Kirsten is the newest California cow! Go Kirsten!

She was my sentimental pick because she’s from Saskatchewan, homeland of my own mother. This isn’t to say that none of the other eight choices would have done well as the newest addition to the Real Milk Comes from California family, but Kirsten has her own place in my heart. With a jouissance I ventured to the Real MilkTM Web site to relish in my skosh of glory and see Kirsten frolicking in the pastures of the Golden State.
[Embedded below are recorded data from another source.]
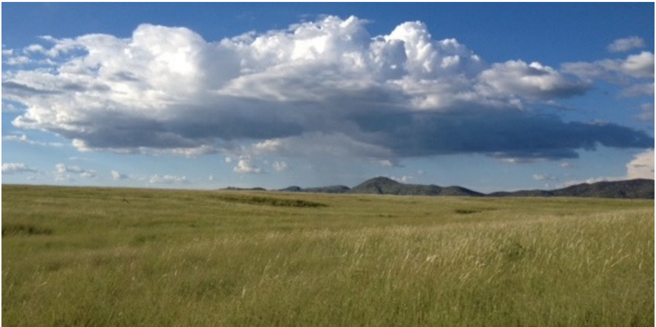
Lazy J2 North is 520 acres of sweeping vistas and a 360 degree pristine panorama of stunning grassland.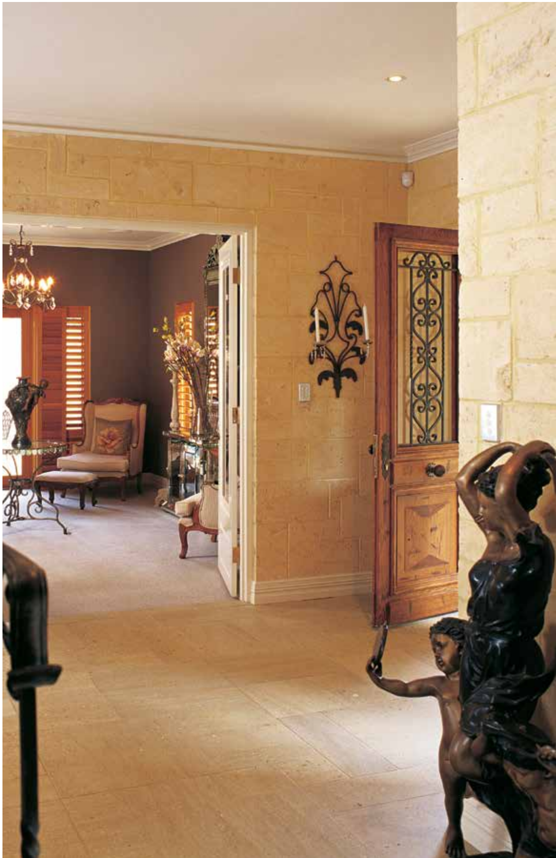
PRODUCT: NATURAL LIMESTONE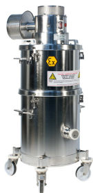
C-10 EX (4W) STAINLESS STEEL ULPA MRAC

Bitte beachten Sie, dass die Spezifikationen ohne vorherige Ankündigung geändert werden können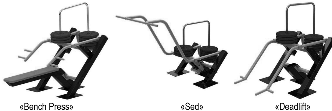
Figure 1. Street exercise simulators with a variable load for powerlifting.

Before the start of the experiment (May 2019) and after the implementation of the study (September 2019), power diagnostics for sports types of powerlifting was implemented. All participants in the study took part in the monitoring. Athletes performed three exercises without equipment: squatting with a barbell on the back (on the upper part of the shoulder blades), a bench press lying on a horizontal bench and a barbell pull. The results in total determined the sportsman's athletic level. To summarize, the average powerlifter coefficient (PI) was applied in each study group of athletes. Prior to the implementation of the study (May 2019), a statistical analysis of the data revealed an unreliability ( p > .05 ) of the difference between the EG and the CG for both the group of women and the group of men. The results of the experiment are presented in Table 1 for women and in Table 2 for men.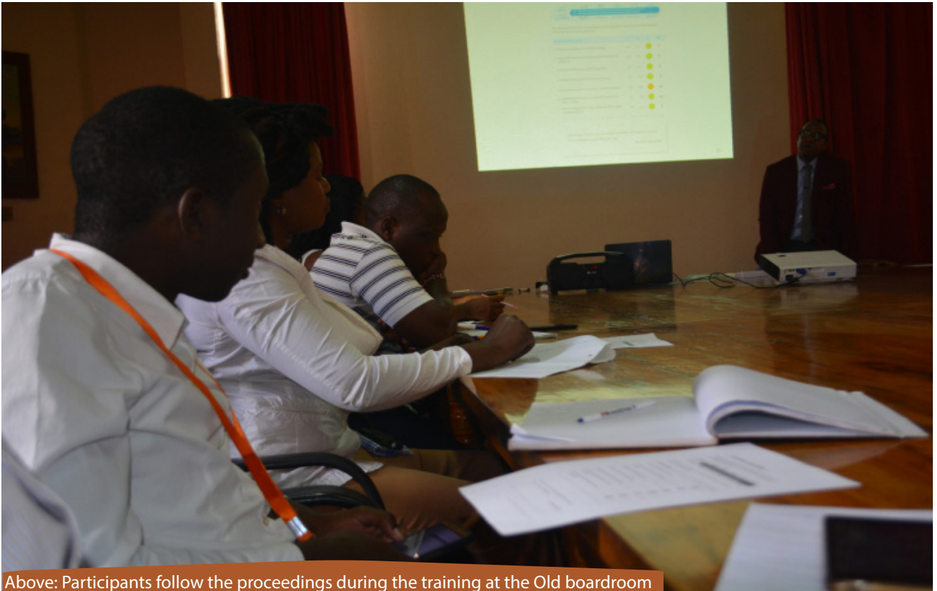
Above: Participants follow the proceedings during the training at the Old boardroom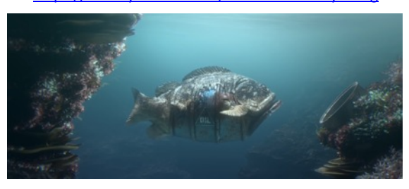
Making of Hybrids https://www.youtube.com/watch?v=vK4-OGNhrjl

Hybrids Short Film - amazing animation https://www.youtube.com/watch?v=acnWy-tl3ng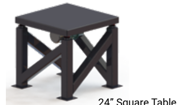
24" Square Table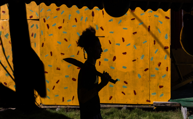
© Nicola Balestrazzi - Merit Award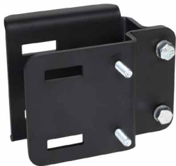
7160-0418 For Yale/Hyster, Crown, and others

We have the ideal products for every mounting situation; including lift vehicles that have roll formed overhead guard legs. These brackets conform perfectly to various roll formed profiles ultimately creating a solid foundation to adapt our Clam Shell product line.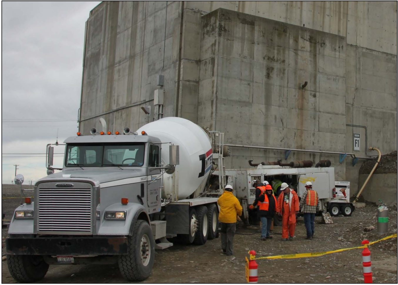
Grout is poured into the 221-U North Pipe Gallery at the U Plant canyon.

The U Canyon disposition team also completed an internal Hazard Review Board assessment of its plans to safely lift the D-10 Tank, inside the U Canyon building, to confirm that it is in a safe enough condition for removal. The tank has not been moved in 46 years.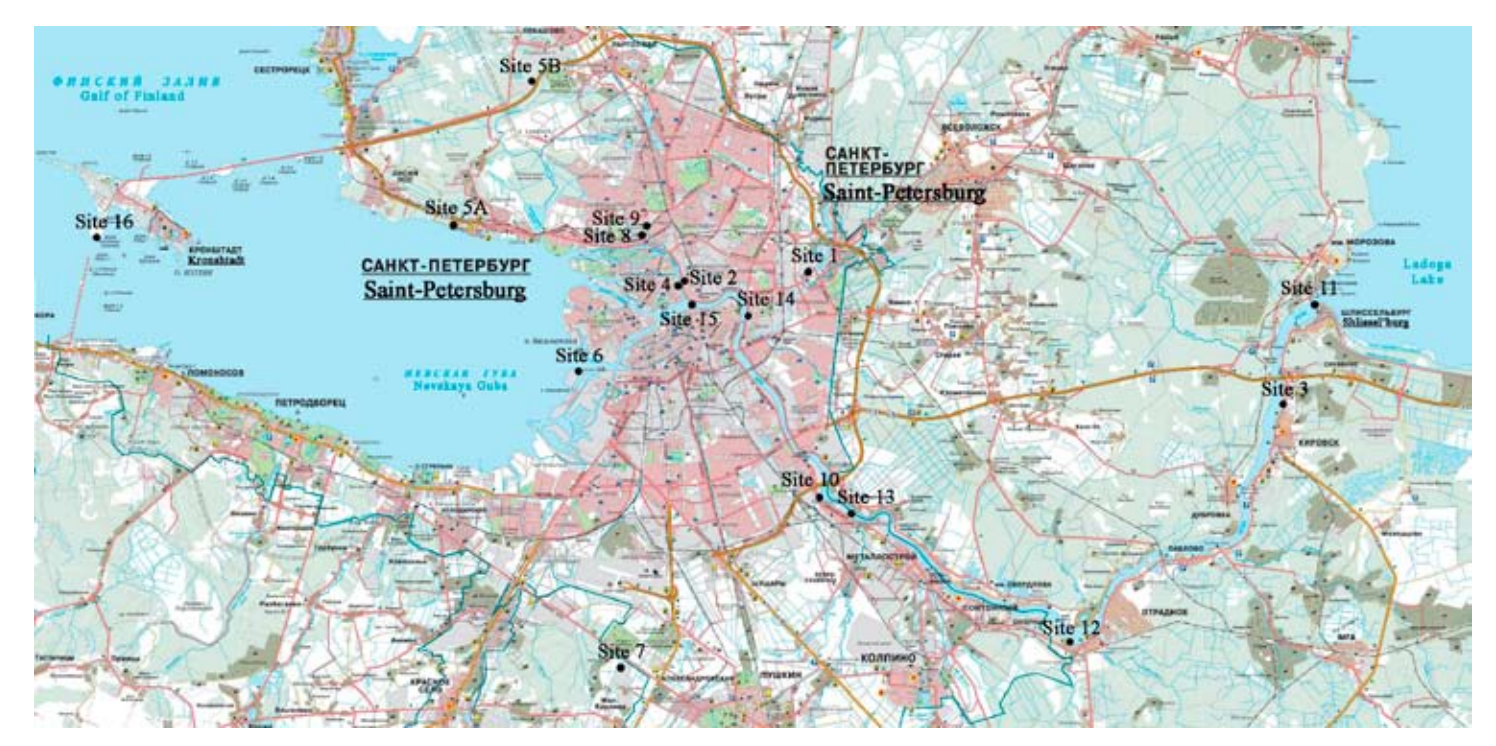
Fig. Location of the sampling sites, St-Petersburg, Russia, 2007.

separate 20 ml auto sampler crimp top vials (four vials per sample). Sediment, sludge and soil samples were collected in 100ml screwcap bottles. All samples were kept cool and dark, and were returned to the Greenpeace Research Laboratories (University of Exeter, UK) for analysis. Detailed descriptions of sample preparation and analytical procedures are presented in the Appendix. Locations of the sampling sites are presented in Figure below.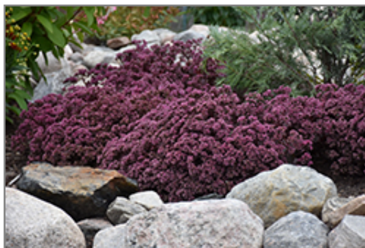
Cherry Tart Stonecrop in bloom

Cherry Tart Stonecrop is a dense herbaceous perennial with an upright spreading habit of growth. Its medium texture blends into the garden, but can always be balanced by a couple of finer or coarser plants for an effective composition.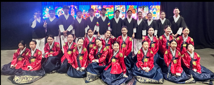
Cedarlane Academy Korean Dual Immersion Program (KDIP) students performed fan, drum, and Samulnori performances at the CABE Conference on March 28.

Stay up to date with our District's news and announcements on our webpage.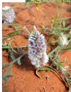
Far left: Polycalymma stuartii (Poached Eggs) Centre left: Swainsona sp. (Darling Pea) Left: Ptilotus leucocoma (Small Purple Foxtail)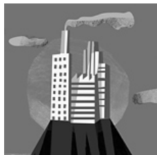
Letter: Invitation to a Dialogue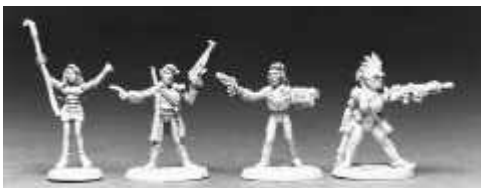
20-525 Strike Force Bravo. Normally $6.50, now only $5.85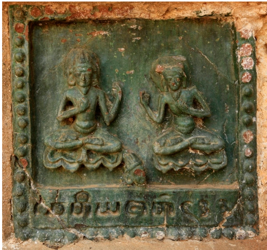
Figure 10. Pagan, Ananda Stupa, 11th Century, Jataka 422. Devadatta sinking into the earth, only the crowned head showing.

If images of hells and heavenly mansions socialized people into certain patterns of behavior, other sub-components of the Buddha tapestries likewise provided behavioral modification prompts. One example was the generosity of king Pasenadi, whose asadisadāna , incomparable donation, merited Pagan billboards, large images framing Gotama with subimages narrating the activities defining that gift's uniqueness, making the term part of the vernacular in later centuries. (Figure 11a,b).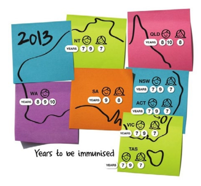
Figure: Human papillomavirus vaccination delivery schedule, Australia, 2013 to 2014, by year level, sex and state or territory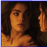
Burberry Is On Instagram Tweeting Rosie Huntington-Whiteley. Yes.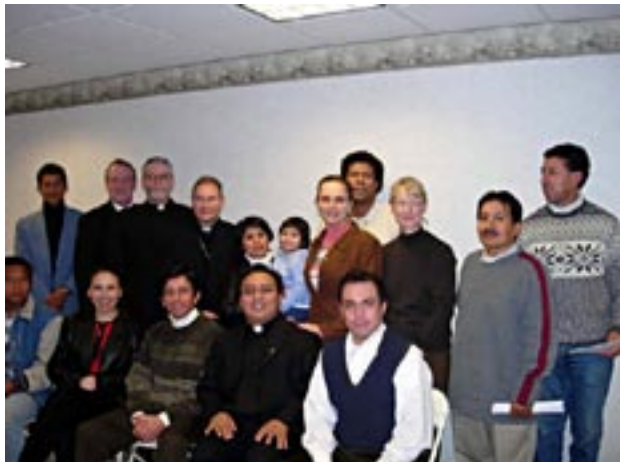
Migrant Ministry team and clients

information on stroke detection and osteoporosis. We also developed The Hot Line 1(877)724-5112 for the area of Newton and Sparta, with information on transportation, clothing, furniture, ESL, Mass schedules. The most important use of the Hot Line is for requesting medical appointments or medical needs. This year 7 volunteers spent 560 hours attending the Hot Line. About 261 people were served; 143 received dental or medical appointments. There were an additional 1,040 hours in transporting our clients and doing follow-up appointments.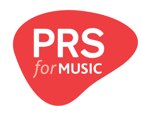
Gender Pay Gap Report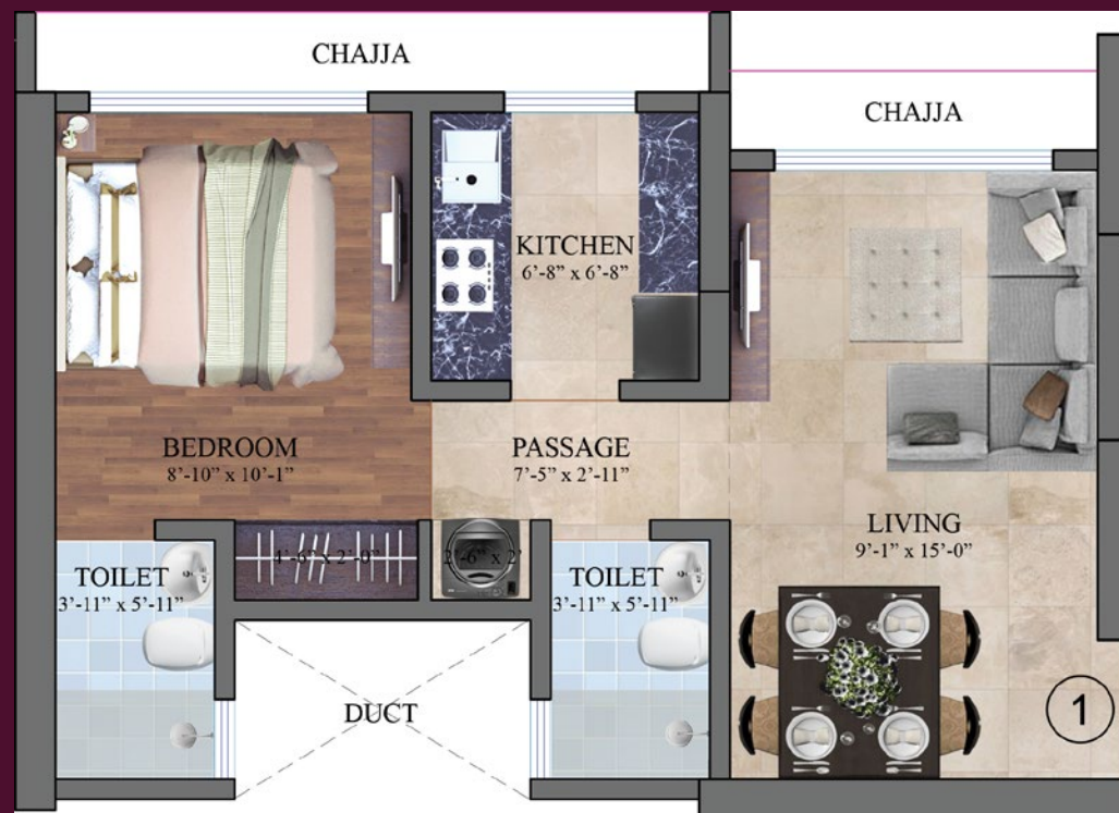
FLAT NO. 1 (1 BHK) - 378 SQ. FT. RERA CARPET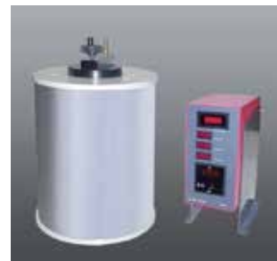
Differential Calorimeter ToniCAL

improves consistency by removing human error through automation

But what met my retinas was not the heifer I knew and loved. Or thought I knew. This, this was some imposter cow! The election officials surely thought they could fool everyone, but I know very well that cows don’t change their spots, or patches, or whatever the hell they’re called. These spots were different!

Don’t take just my word for it, check it out on your own. Look at Kirsten’s audition tape, and then look at one of the clips after her win. Yes, the voice is the same, but the cow, the cow is different. That’s just plain creepy.

So now, my heart aches. Where is my beloved farm girl? Did a Canadian wolf get her and California has now gone to some clandestine cover-up to keep their so-called election intact? Did Kirsten opt out to seek her fortunes in the next misdirected balloon saga? Did she sneak away to LA early so she could see a plastic surgeon and have a makeover? California’s Real Dairy farmers, tell us what’s become of our small town girl turned starlet!

Did Gary Condit have anything to do with it?